她一邊謹慎的觀察著穆泓乙的動作,小心提防著他突然的心血**,一方面試探:“之前的女人?你不是說把我和她作比較,已經是我的榮幸了嗎?”
穆泓乙很自然的曲解了她的意思,他笑道:“的確是你的榮幸。”
“因為本太子只說過你一個人比得上她,之前那些女人,只是或多或少的像她。”
他雙手撐在白予玲的身體兩側,好似隨時都會親吻下來一般,白予玲硬生生忍住自己想別過臉去的衝動,道:“看來太子爺你平日裡沒少接觸女人。”
“話不能這麼說,”穆泓乙被白予玲的話慢慢的就帶跑了話題:“本太子英俊瀟灑,玉樹臨風,不知道多少女人想要對我投懷送抱呢。”
白予玲雖然沒有想到太子會有一個自戀的屬性,但是她可是記得清清楚楚,太子先前不是智商不高嗎?也許的確有一些人會利用太子的痴傻上位,但怎麼也不應該是像太子自己說的那樣吧?
穆泓乙自戀完,又道:“你也不要太得意,本太子說的只是你的模樣與她有幾分可比擬的地方,至於你的心……”
他又是一聲輕笑:“在本太子的眼中,連觀音大士都比不上她仁慈善良。”
果然是情人眼裡出西施,白予玲忍不住嘖嘖感嘆,她道:“既然如此,你不如現在放我走,我可是一個小人,遠遠比不上你的愛人。”
“你有這個自知之明,本太子很是滿意,”穆泓乙往前走了幾步,背對著白予玲,雙手交叉在胸前,站了幾秒又回過頭來,挑眉道:“放你總歸是要放你的,但放走你之前,本太子還有些事情要完成。”
他又到不遠處的一個桌臺上拿起一瓶深色的瓷瓶,白予玲看見那漆黑的顏色,只覺得瓶子裡裝的不是什麼好東西,太子道:“之前給你的是解藥,現在給你的,是癮藥。”
“只要你服了它,它就會讓你對某一件事或者某一個人產生無限的慾望和依賴,只要你得不到那個東西,你就會徹底瘋掉。”
白予玲笑的淡定:“不可能吧,哪有這麼神奇的東西?”
“你試一試不就知道了?”
穆泓乙這一次並不像之前那樣逼她吃下去,而相比於上一次,白予玲竟然都想要用溫柔來形容。
她被穆泓乙的大力惹的眼淚直掉,只要一眨眼睛就能有無限的眼淚從眼眶中逃脫。
穆泓乙放開她,微腫的嘴脣暴露了剛才穆泓乙對她的所作所為,她滿口都充滿著血腥的氣味以及藥丸的苦澀。

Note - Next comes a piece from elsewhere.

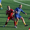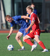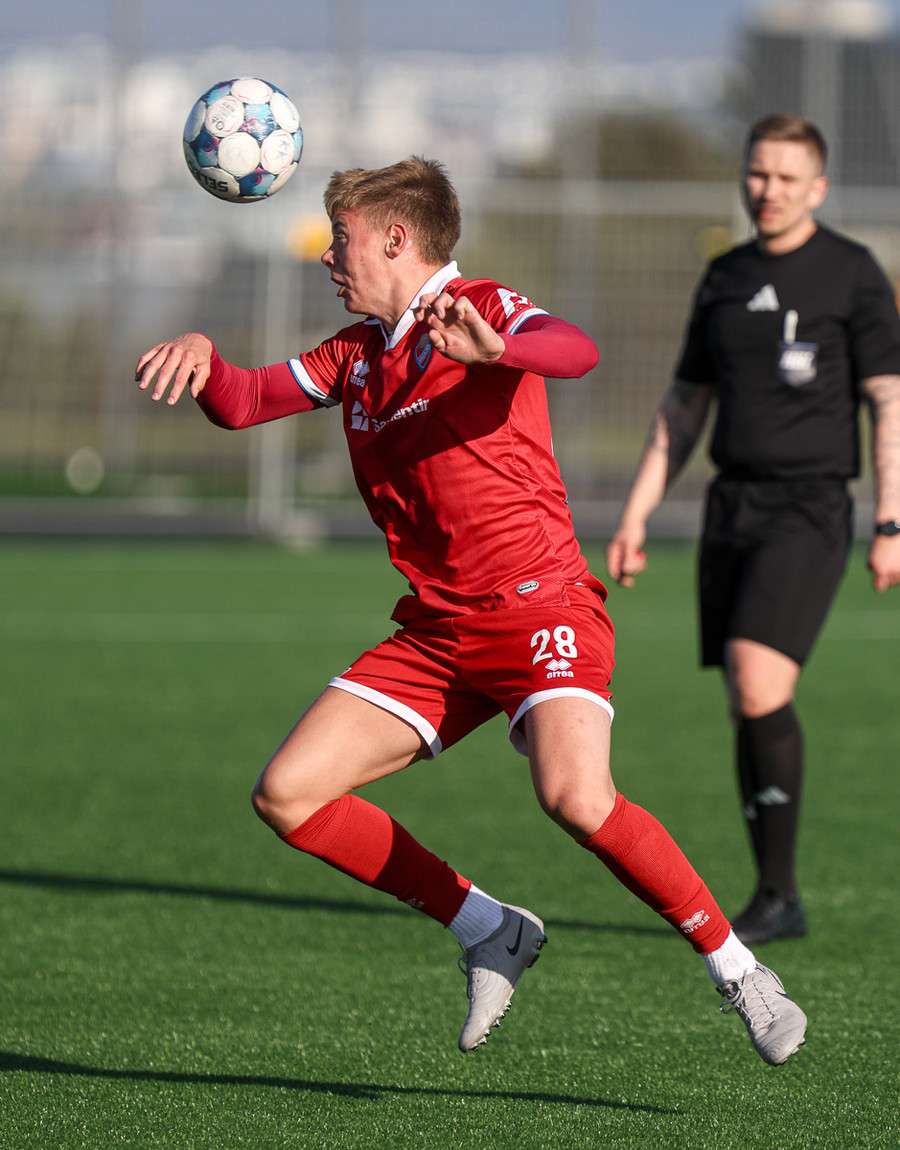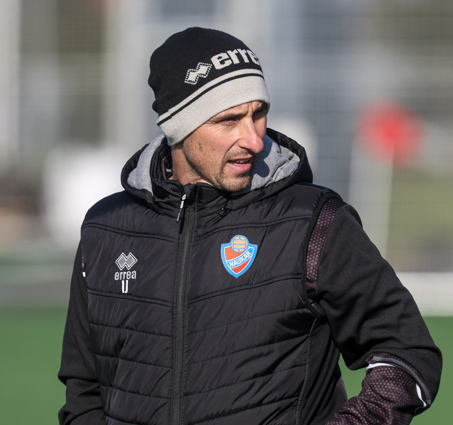 Kostiantyn Iaroshenko með flotta fyrirgjöf sem Dagur verst vel. Haukar fá horn.

“你這個瘋子!登徒子!”她終於發現自己反反覆覆也就只能罵得出這幾個詞,穆泓乙似乎是看穿了她現在的無力一般,更是冷漠道:“本太子沒有要你的身子,你就應該慶幸了,現在只不過是親了你幾口,你就這麼難以忍受?”
“難不成,平時你和大巫師,什麼也沒做過?”
白予玲的雙瞳忽而變大,什麼?他說這句話是什麼意思?難不成之前一直在跟蹤監視自己的人是太子!?
白予玲盯著穆泓乙:“你監視我?”
穆泓乙無所畏懼:“普天之下,莫非王土,莫非王物,為什麼本太子不能知道你的動態?”
“本太子可是知道的,你常常和大巫師,單獨相處哦。”穆泓乙最後那句話說的曖昧無比,白予玲覺得自己彷彿是被人當頭打了一棒:“七王妃和大巫師攪和在一起,到底是哪一個會被罰的重一點呢?”
白予玲沒有說話,穆泓乙則換了更加冷淡的語氣:“本太子今天的話意思就是,之後你來到這裡的次數會變得更加頻繁,如果你對這件事情保持沉默的話,本太子說不定饒你不死,可如果你讓別人知道了,本太子要對付你,簡直就比捏死一隻螞蟻還要容易。”
“你……!我和大巫師什麼也沒有發生!”我們只是純潔的關係,可是就連她自己都在心裡反駁自己,解釋就是掩飾,掩飾就是事實。
穆泓乙道:“放心吧,只要你不得罪本太子,本太子也不會讓你為難的。”
“就算你想和大巫師做什麼,本太子也就全部視而不見,一切的選擇權都在你自己手裡,所以你可要,好好的把握啊。”
“保持沉默,還是去,調查揭發本太子?”穆泓乙又將頭顱放下,溫熱的呼吸淺淺的刮過白予玲的脖頸,她不斷的深呼吸,心中充滿了委屈。